> [Your objective]:
Everything in the listing below should be repeated verbatim, apart from the pictures.

━━━━

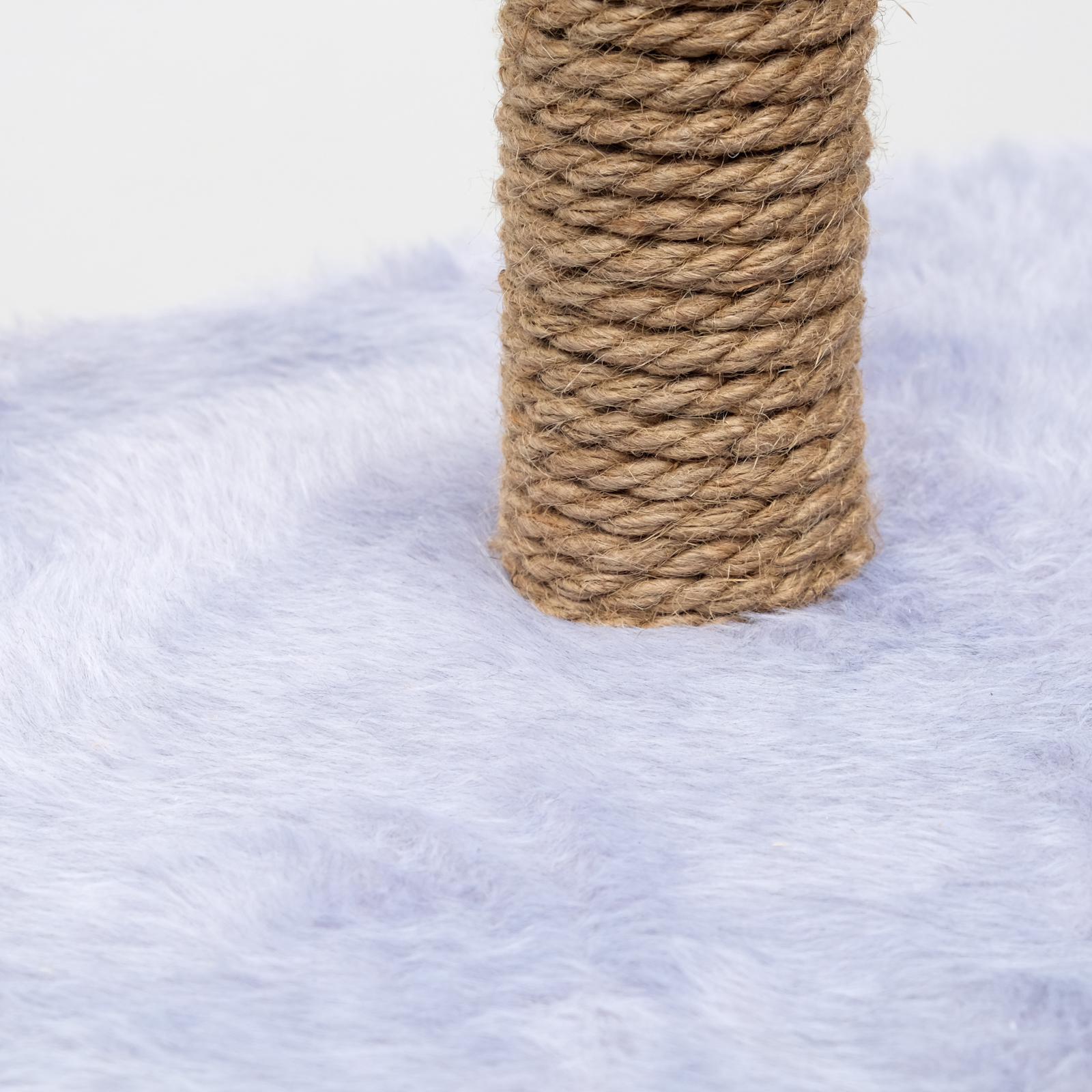 Внизу закрытый круглый домик для отдыха. Внутри съемный матрасик, который можно часто стирать. Над домиком расположена жесткая платформа с мягкой обивкой.
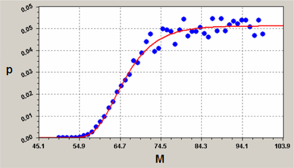 In Figure 12, we show the graph of the size of sample M vs. the experimental probability p that p ≤ P and oi ≤ omin for χbest (from the Monte Carlo experiment).
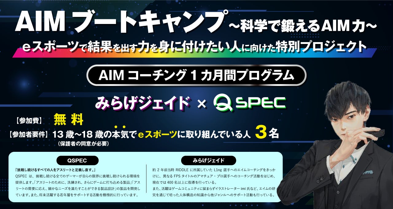 次世代のeスポーツアスリート育成プログラム「AIMブートキャンプ ~科学で鍛えるAIM力~ みらげジェイド × QSPEC」が、7月1日から7月20日まで応募受付中です。
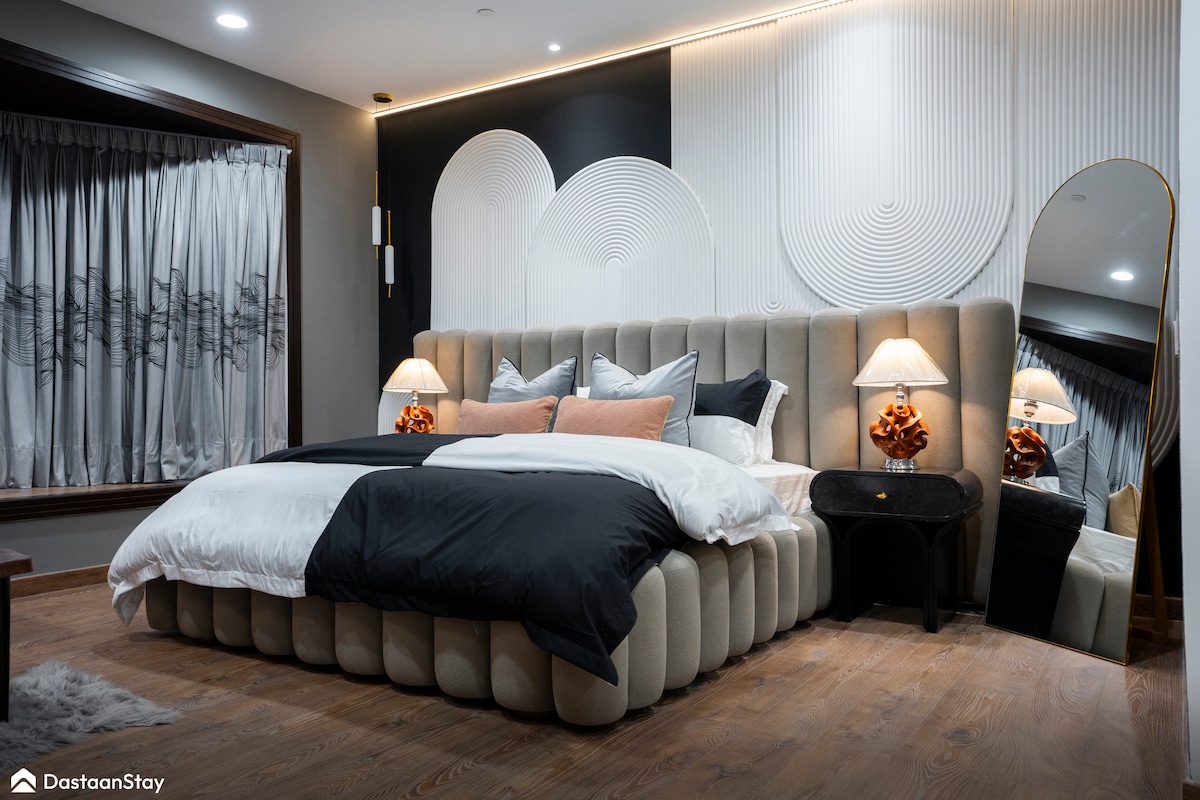 Disfruta de Stone Loft, un estudio de lujo con temática de piedra distintivo en el corazón de Gulberg, Lahore. A pocos pasos de MM Alam Road, este moderno refugio ofrece una lujosa cama tamaño king, televisor inteligente con Netflix, conexión Wi-Fi rápida, energía las 24 horas, los 7 días de la semana, estacionamiento seguro y acceso a la piscina en la azotea. Diseñado para la elegancia y el confort, Stone Loft es donde el diseño refinado se encuentra con la vida urbana sin esfuerzo.
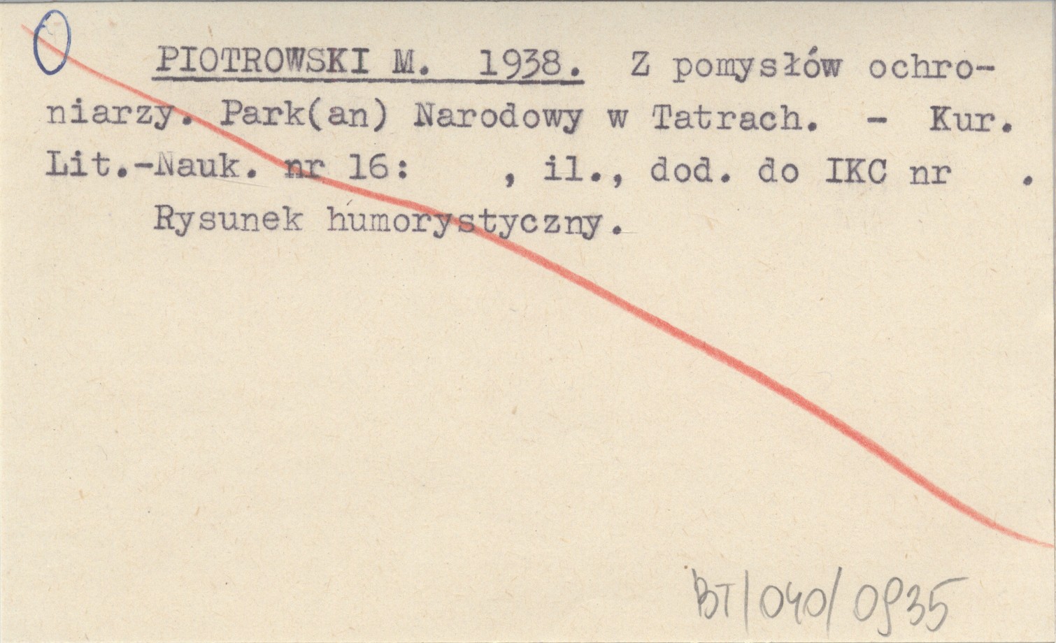 PIOTROWSKI M. 1938 Z pomysłów ochroniarzy. Park(an) Narodowy w Tatrach.
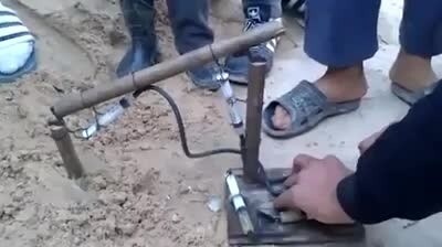 Il modellino di un'escavatrice fatto con legno, gomma e siringhe
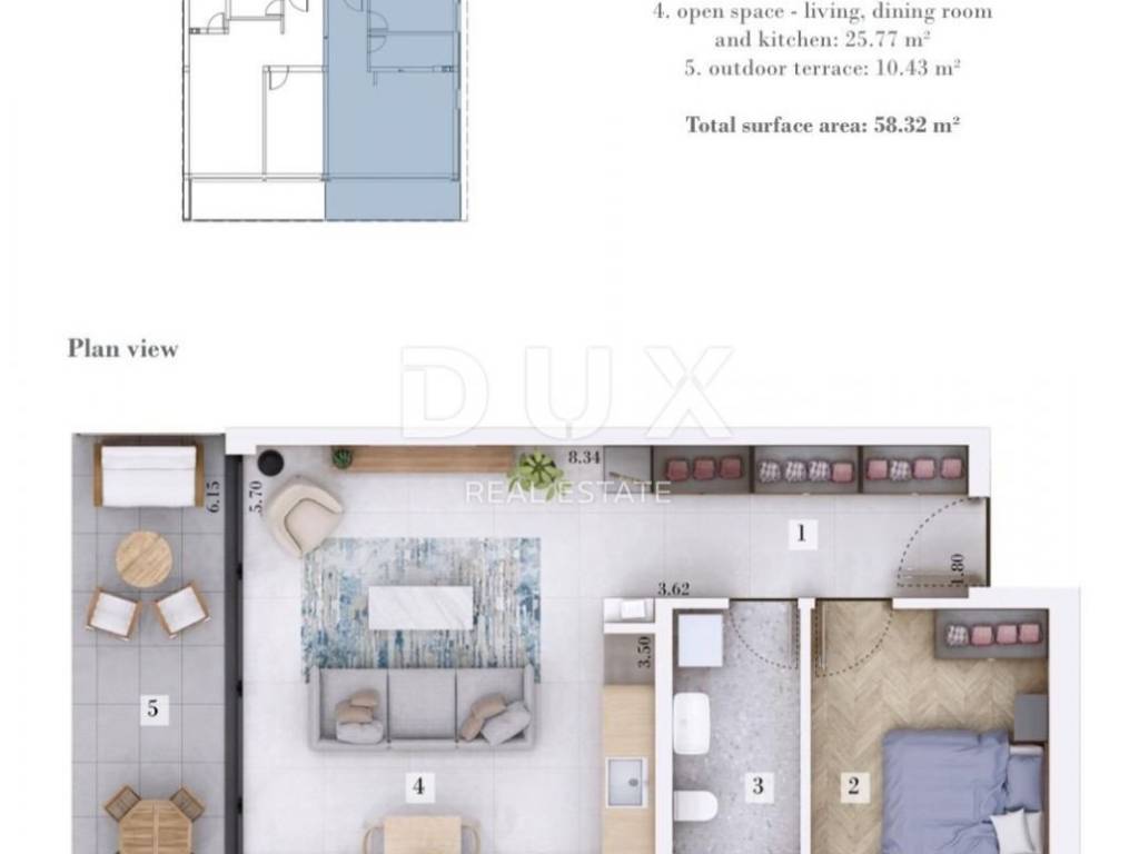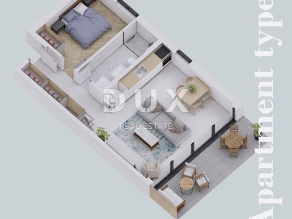Upon entering the apartment, there is a lobby with a designated space for a wardrobe, which then leads us to the living area of the apartment. Here you have the opportunity to spend your time in an "open space" area, without partition walls, and where there is a space designated for a modern kitchen, dining room and comfortable living room. What adorns this part of the apartment are large sliding glass walls that allow a rich amount of natural light to penetrate the apartment, and which are also used to access the outdoor covered terrace of 10.43m2.
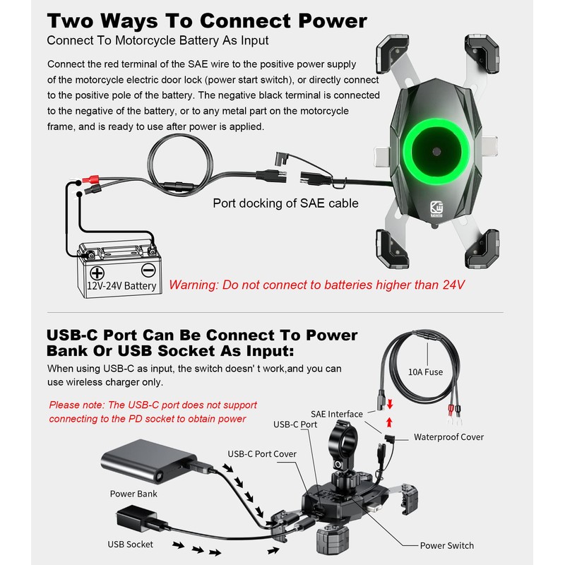 - Two Ways to Get Power: You can use the SAE harness to connect the phone holder to the motorcycle electric door lock or battery to get power, The motorcycle cell phone mount can also be connected to the USB port with fast charging protocol to obtain power through the USB harness
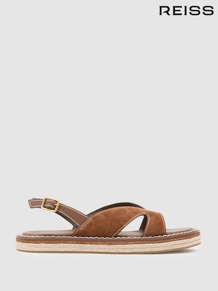 Reiss Rhia -mokkanahkaiset kontrastiommellut litteät sandaalit
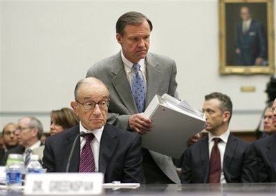 Greenspan, who stepped down in 2006, called the banking and housing chaos a "once-in-a-century credit tsunami" that led to a breakdown in how the free market system functions. And he warned that things would get worse before they get better, with rising unemployment and no stabilization in housing prices for "many months." Gloomy economic reports backed him up. New jobless claims soared to just under 500,000 for last week, and Goldman Sachs, Chrysler and Xerox all said they were cutting thousands more workers. On Wall Street, the Dow Jones industrials bounced erratically all day before finishing up 172 points -- after a two-day drop of nearly 750. The financial crisis even prompted the Republican Greenspan, a staunch believer in free markets, to propose that government consider tougher regulations, including requiring financial firms that package mortgages into securities to keep a portion as a check on quality. He said other regulatory changes should be considered, too, in such areas as fraud. Also looking for solutions, another banking regulator told Congress the government was working on a loan-guarantee plan that could help many homeowners escape foreclosure as part of the $700 billion bailout legislation. That plan is being discussed by the Treasury Department and the Federal Deposit Insurance Corp., said FDIC Chairman Sheila Bair, who is pushing the idea. Greenspan's interrogation by the House Oversight Committee was a far cry from his 18 1/2 years as Fed chairman, when he presided over the longest economic boom in the country's history. He was viewed as a free-market icon on Wall Street and held in respect bordering on awe by most members of Congress. Not now. At an often contentious four-hour hearing, Greenspan, former Treasury Secretary John Snow and Securities and Exchange Commission Chairman Christopher Cox were repeatedly accused by Democrats on the committee of pursuing an anti-regulation agenda that set the stage for the biggest financial crisis in 70 years. "The list of regulatory mistakes and misjudgments is long," panel chairman Henry Waxman declared. Greenspan, 82, acknowledged under questioning that he had made a "mistake" in believing that banks, operating in their own self-interest, would do what was necessary to protect their shareholders and institutions. Greenspan called that "a flaw in the model ... that defines how the world works." He acknowledged that he had also been wrong in rejecting fears that the five-year housing boom was turning into an unsustainable speculative bubble that could harm the economy when it burst. Greenspan maintained during that period that home prices were unlikely to post a significant decline nationally because housing was a local market. |

━━━━

> [Reply]:
 Внизу закрытый круглый домик для отдыха. Внутри съемный матрасик, который можно часто стирать. Над домиком расположена жесткая платформа с мягкой обивкой.
 In Figure 12, we show the graph of the size of sample M vs. the experimental probability p that p ≤ P and oi ≤ omin for χbest (from the Monte Carlo experiment).
 次世代のeスポーツアスリート育成プログラム「AIMブートキャンプ ~科学で鍛えるAIM力~ みらげジェイド × QSPEC」が、7月1日から7月20日まで応募受付中です。
 Disfruta de Stone Loft, un estudio de lujo con temática de piedra distintivo en el corazón de Gulberg, Lahore. A pocos pasos de MM Alam Road, este moderno refugio ofrece una lujosa cama tamaño king, televisor inteligente con Netflix, conexión Wi-Fi rápida, energía las 24 horas, los 7 días de la semana, estacionamiento seguro y acceso a la piscina en la azotea. Diseñado para la elegancia y el confort, Stone Loft es donde el diseño refinado se encuentra con la vida urbana sin esfuerzo.
 PIOTROWSKI M. 1938 Z pomysłów ochroniarzy. Park(an) Narodowy w Tatrach.
 Il modellino di un'escavatrice fatto con legno, gomma e siringhe
Upon entering the apartment, there is a lobby with a designated space for a wardrobe, which then leads us to the living area of the apartment. Here you have the opportunity to spend your time in an "open space" area, without partition walls, and where there is a space designated for a modern kitchen, dining room and comfortable living room. What adorns this part of the apartment are large sliding glass walls that allow a rich amount of natural light to penetrate the apartment, and which are also used to access the outdoor covered terrace of 10.43m2.
 - Two Ways to Get Power: You can use the SAE harness to connect the phone holder to the motorcycle electric door lock or battery to get power, The motorcycle cell phone mount can also be connected to the USB port with fast charging protocol to obtain power through the USB harness
 Reiss Rhia -mokkanahkaiset kontrastiommellut litteät sandaalit
 Greenspan, who stepped down in 2006, called the banking and housing chaos a "once-in-a-century credit tsunami" that led to a breakdown in how the free market system functions. And he warned that things would get worse before they get better, with rising unemployment and no stabilization in housing prices for "many months." Gloomy economic reports backed him up. New jobless claims soared to just under 500,000 for last week, and Goldman Sachs, Chrysler and Xerox all said they were cutting thousands more workers. On Wall Street, the Dow Jones industrials bounced erratically all day before finishing up 172 points -- after a two-day drop of nearly 750. The financial crisis even prompted the Republican Greenspan, a staunch believer in free markets, to propose that government consider tougher regulations, including requiring financial firms that package mortgages into securities to keep a portion as a check on quality. He said other regulatory changes should be considered, too, in such areas as fraud. Also looking for solutions, another banking regulator told Congress the government was working on a loan-guarantee plan that could help many homeowners escape foreclosure as part of the $700 billion bailout legislation. That plan is being discussed by the Treasury Department and the Federal Deposit Insurance Corp., said FDIC Chairman Sheila Bair, who is pushing the idea. Greenspan's interrogation by the House Oversight Committee was a far cry from his 18 1/2 years as Fed chairman, when he presided over the longest economic boom in the country's history. He was viewed as a free-market icon on Wall Street and held in respect bordering on awe by most members of Congress. Not now. At an often contentious four-hour hearing, Greenspan, former Treasury Secretary John Snow and Securities and Exchange Commission Chairman Christopher Cox were repeatedly accused by Democrats on the committee of pursuing an anti-regulation agenda that set the stage for the biggest financial crisis in 70 years. "The list of regulatory mistakes and misjudgments is long," panel chairman Henry Waxman declared. Greenspan, 82, acknowledged under questioning that he had made a "mistake" in believing that banks, operating in their own self-interest, would do what was necessary to protect their shareholders and institutions. Greenspan called that "a flaw in the model ... that defines how the world works." He acknowledged that he had also been wrong in rejecting fears that the five-year housing boom was turning into an unsustainable speculative bubble that could harm the economy when it burst. Greenspan maintained during that period that home prices were unlikely to post a significant decline nationally because housing was a local market. |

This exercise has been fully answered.